Sia la  situazione  patrimoniale che l’indebitamento  non lasciano  scampo alcuno. I  decreti  ingiutivi  stanno  piovendo  a raffica (un decreto ingiuntivo provvisoriamente esecutivo, tra l’altro, è stato concesso da un giudice della sezione fallimentare). L’impero  di  Don  Verzè somiglia  sempre  più alla  statua  di  un  gigante (con piedi  di argilla)  che  si sta sgretolando. Ci  sa  tanto che le vie  del  signore  son  finite. In un  estremo  tentativo  di  riportare  in  bonis i conti  della holding  gli  strateghi finanziari assoldati dalla  Santa  Sede (Bain & Company, Borghesi Colombo & Associati, Deloitte Financial Advisory Services) le stanno  studiando proprio tutte. Ci  sarebbe  l’ipotesi  di ricorrere  alla  cd  Legge  Marzano.  La  Fondazione  avrebbe tutti i requisiti  dimensionali   per  essere  ammessa  alla  Procedura (ha  più  di 500  dipendenti  e più di  300  milioni di  euro  di  debiti). Tra  le  tante  ci  sarebbe  anche  l’ipotesi  che  la  Santa  Sede  possa finanziare direttamente la  Fondazione di  Don  Verzè   nonché  altre alternative che  prevedono la societarizzazione di  tutte le  attività  ospedaliere (in tal ipotesi addio per  sempre alla  Fondazione). All’uopo  verrebbe  costituita  nel  breve  periodo una  NEWCO (società  di  nuova  costituzione)  con  uno  statuto che  dovrebbe  più  o  meno  ricalcare il  seguente oggetto  sociale: “ … la  società  ha  per  oggetto l’esercizio della  medicina e  dell’assistenza secondo  lo  spirito e  la  prassi del  comando  evangelico “guarire  gli  infermi” (Matteo 10:8) ispirando  e favorendo tutte  le  iniziative, ecclesiastiche e laiche , per  un  moderno  rilancio  del concetto  cristiano  di  assistenza, al  fine  anche  di svolgere una  funzione  di stimolo  e  contributo sperimentale  alla innovazione  e  modernizzazione del  sistema  scientifico-didattico e  assistenziale, per  la  tutela  e  il  rilancio  del concetto  cristiano  di persona. A  tal  fine  la  soecietà  realizzerà  e gestirà – in  Italia  e  all’estero – direttamente  o  indirettamente strutture  ospedaliere, atenei  specializzati per medicina  e  scienze  umane, centri  per lo studio  e  la  ricerca  scientifica, poli  convenzionati anche  con  le  università , finalizzati  allo  svolgimento delle  attività  di insegnamento, ricerca  chimico-biologica ed  assistenza  sanitaria ad alto  livello, in  collaborazione e  per  la  promozione  di  strutture anche  pubbliche di  particolare  rilevanza…”.

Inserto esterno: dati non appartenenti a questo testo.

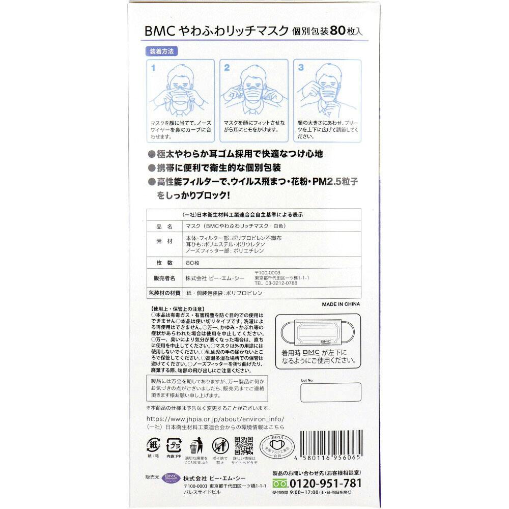 BMC やわふわリッチマスク 1日使いきりタイプ 個別包装タイプ ふつうサイズ 80枚入 ×1点【送料込み】 #4580116956065
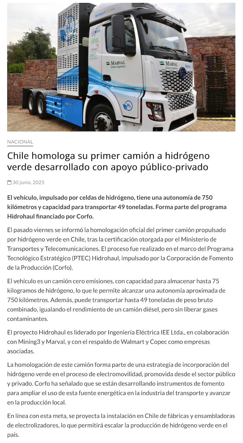 Chile homologa el primer camión a hidrógeno verde y consolida el liderazgo regional en transporte cero emisiones - (h2news.cl)
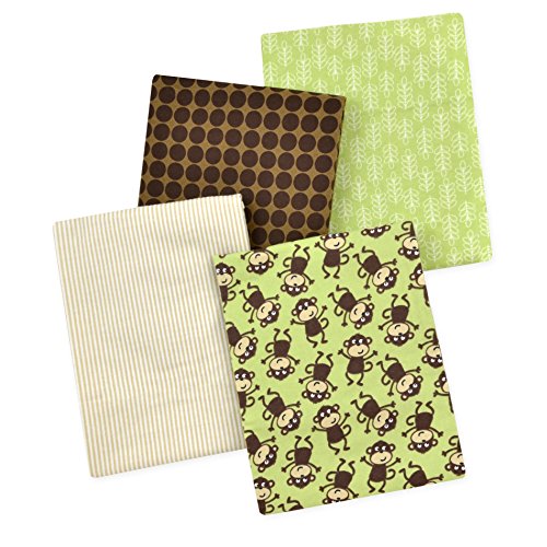 Carter's 4 Piece Flannel Receiving Blankets, Monkeys/Brown/Green/White
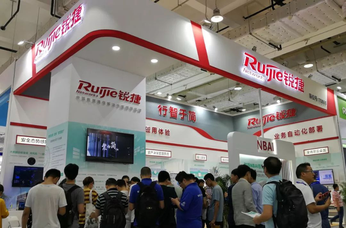 图1:在中国卫生信息技术大会现场,锐捷展台吸引众多参会者驻足交流
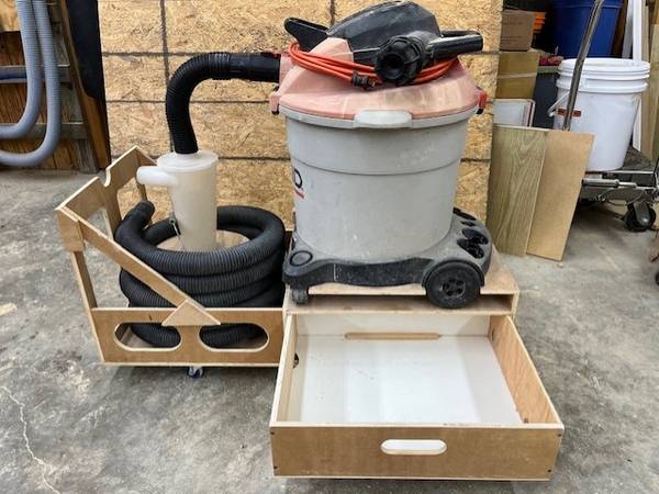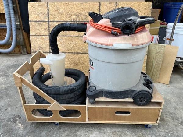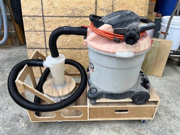Ridgid shop vac with dust deputy on rolling cart. Great for portable dust collection in your shop. I have an extra brand new pleated filter for the shop vac. Pick up in Danielsville, or can meet you between Danielsville and East Athens. The long 20' hose that is coiled up around the bucket DOES NOT go with this sale. The 7' hose and short hose between shopvac and dust deputy DOES go with the sale.
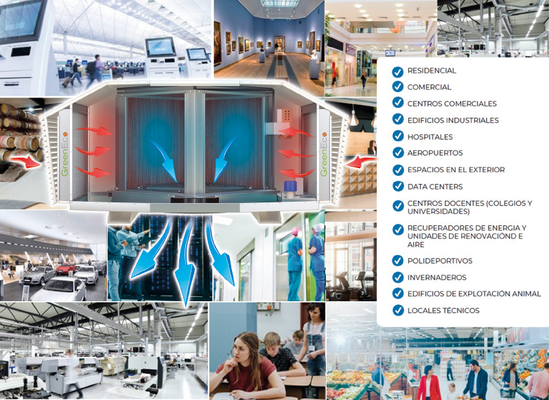 • Climatización de cuartos técnicos, tales como cuartos de generadores, eléctricos, compresores, etc.
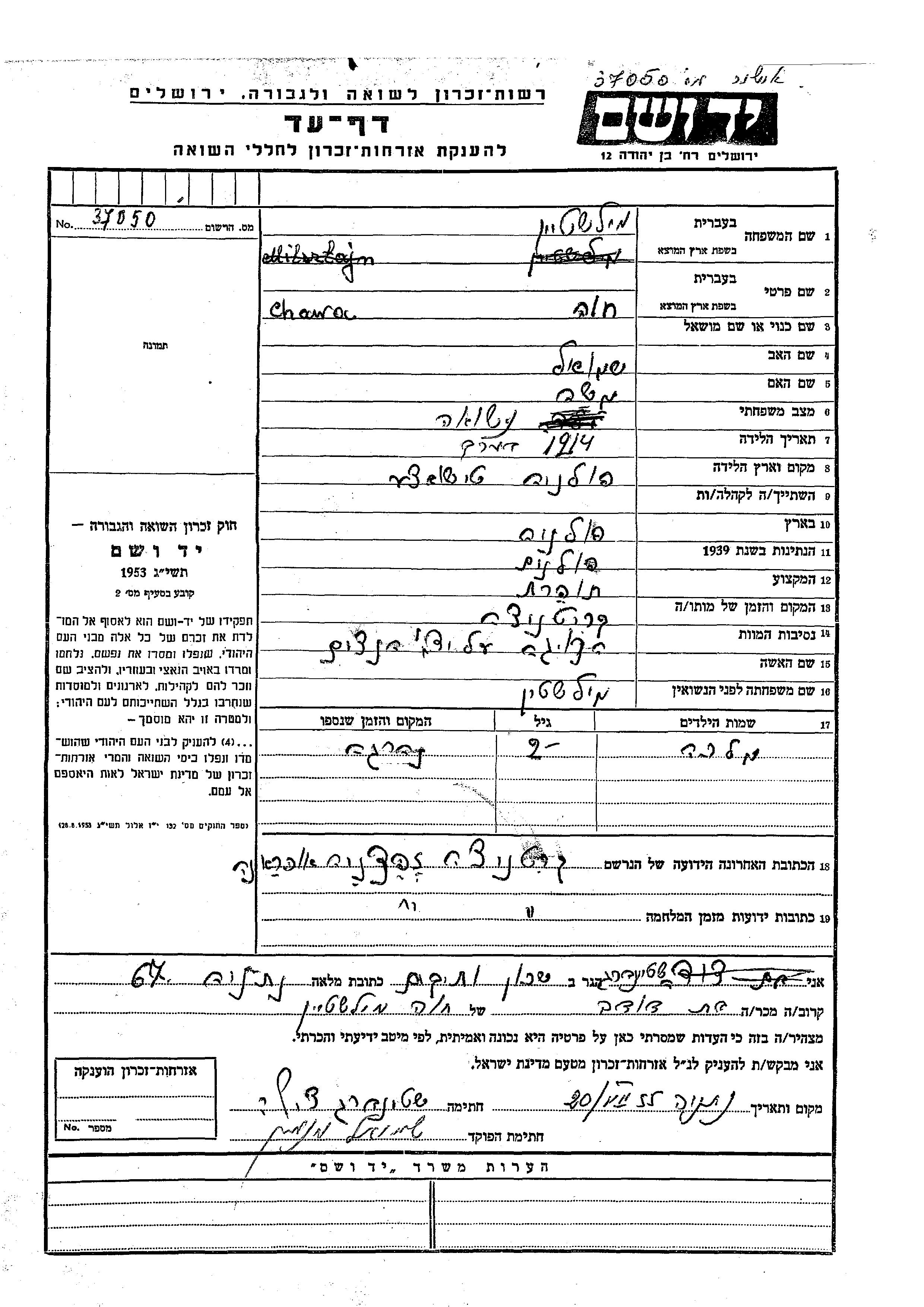 Chawa Milsztajn was born in Tyszowce, Poland, 1914 to Shmuel and Moshe. She was a seamstress and married. Prior to WWII she lived in Krytnica, Poland. During the war she was in Krytnica, Poland. Chawa was murdered in the Shoah. Place of death: Krytnica, Poland.

Forse  anche  qui c’è lo  zampino di padre  Luigino.  Sembra  quasi un  umile  ritorno alle  origini (gira  che  ti  rigira si  torna sempre  in  seno  a madre  chiesa).  Ricorda vagamente il ritorno del  figliol  prodigo. Quel figlio maldestro   che si  allontanò dal  padre,  si  sparò tutti  i  quattrini  e tornò  solo  quando  povero in  canna. E  il  padre lo perdonò.

Chissà  se  qualcuno gliel’ha  detto a Don Verzè: Ego te absolvo a peccatis tuis in nomine Patris et Filii et Spiritus Sancti.  AMEN.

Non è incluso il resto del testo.